À la mise en valeur, par la Princesse, de l’aspect exceptionnel de son aveu, il fait écho en soulignant l’aspect exceptionnel de sa douleur : « Vous me rendez malheureux par la plus grande marque de fidélité que jamais une femme ait donnée à son mari », repris, à la fin du discours par « vous me rendez malheureux ».
De même, là où la Princesse exprimait le souhait d’être « digne » de lui, il place cette dignité dans celle qu’il lui reconnaît, par un comparatif hyperbolique : « Vous me paraissez plus digne d’estime et d’admiration que tout ce qu’il y a jamais eu de femmes au monde ». Il développe ainsi un vibrant éloge des conséquences de cet aveu, souligné par les superlatifs : « Il est trop noble pour ne me pas donner une sûreté entière », « un procédé comme le vôtre. Il est trop noble pour ne me pas donner une sûreté entière », « la plus grande marque de fidélité que jamais une femme ait donnée à son mari », « vous m’estimez assez pour croire que je n’abuserai pas de cet aveu. Vous avez raison, Madame, je n’en abuserai pas, et je ne vous en aimerai pas moins. » Il s’élève ainsi à la hauteur de son épouse, mais plus sa femme lui apparaît estimable, plus sa douleur de la perdre s’accentue.
Pour conclure , cet épisode est déterminant. Le Prince qui est apparu jusque là miséricordieux, se sent brusquement gagné par une terrible jalousie et va presser son épouse de questions afin de connaître l’identité de l’homme qu’elel lui préfère. L’autre signe de cet amour est sa jalousie intense, tout aussi douloureuse . Deux souffrances se conjuguent en lui : celle de « mari », due à l’amour-propre d’abord, au souci de sa réputation, et celle de l’« amant », qui dépasse l’amour ordinaire d’un époux. Ainsi, il souffre d’abord qu’un autre ait pu obtenir ce que lui-même a été incapable d’obtenir : « Vous m’avez donné de la passion dès le premier moment que je vous ai vue ; vos rigueurs et votre possession n’ont pu l’éteindre : elle dure encore : je n’ai jamais pu vous donner de l’amour, et je vois que vous craignez d’en avoir pour un autre », C’est cette impuissance à se faire aimer qui justifie la violence de cette jalousie, présentée comme inévitable : Cette scène révèle le rôle que joue la société dans ce roman, dans la mesure où elle impose à l’individu une morale.

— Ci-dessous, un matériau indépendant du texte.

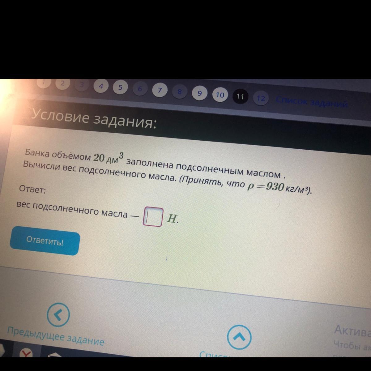Дано: V=20 дм³=20 л=0,02 м³; ρ=930 кг/м³; Р - ?
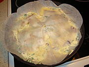 Jak nie ma sie pasujacej pokrywki do patelni albo garnka: zlozyc arkusz papieru do pieczenia na cztery czesci , zmiezyc miej wiecej od srodka srednia i obciac na okraglo nozyczkami, wyciac mala dziure w srodku i polozyc na danie zamiast pokrywki

Ainsi, l’héroïne se souvient ici des paroles de sa mère : « Songez à ce que vous devez à votre mari ; songez à ce que vous vous devez à vous-même, et pensez que vous allez perdre cette réputation que vous vous êtes acquise, et que je vous ai tant souhaitée ». Et c’est pour cette même raison qu’elle demande à son époux de la « conduire », c’est-à-dire de l’aider à conserver cette rigueur morale.
La dimension peu vraisemblable d’une telle scène fait intégralement partie des conventions romanesques et du projet narratif de Madame de La Fayette. Nemours, caché, entend cette conversation. Non seulement, il ne peut plus ignorer l’amour de la Princesse pour lui, mais, surtout, il ne pourra pas s’empêcher d’en parler à son ami, le Vidame de Chartres, en dissimulant la vérité sous couvert d’une anecdote arrivée à un de ses amis. Cette indiscrétion lui sera fatale car le Vidame trahira cette confidence, à son tour répétée à la Princesse, qui elle-même, persuadée que son mari l’a trahie, lui adresse de violents reproches… Cet aveu, rendu pathétique par sa mise en scène, est donc un tournant dans l’œuvre, qui détermine son issue fatale.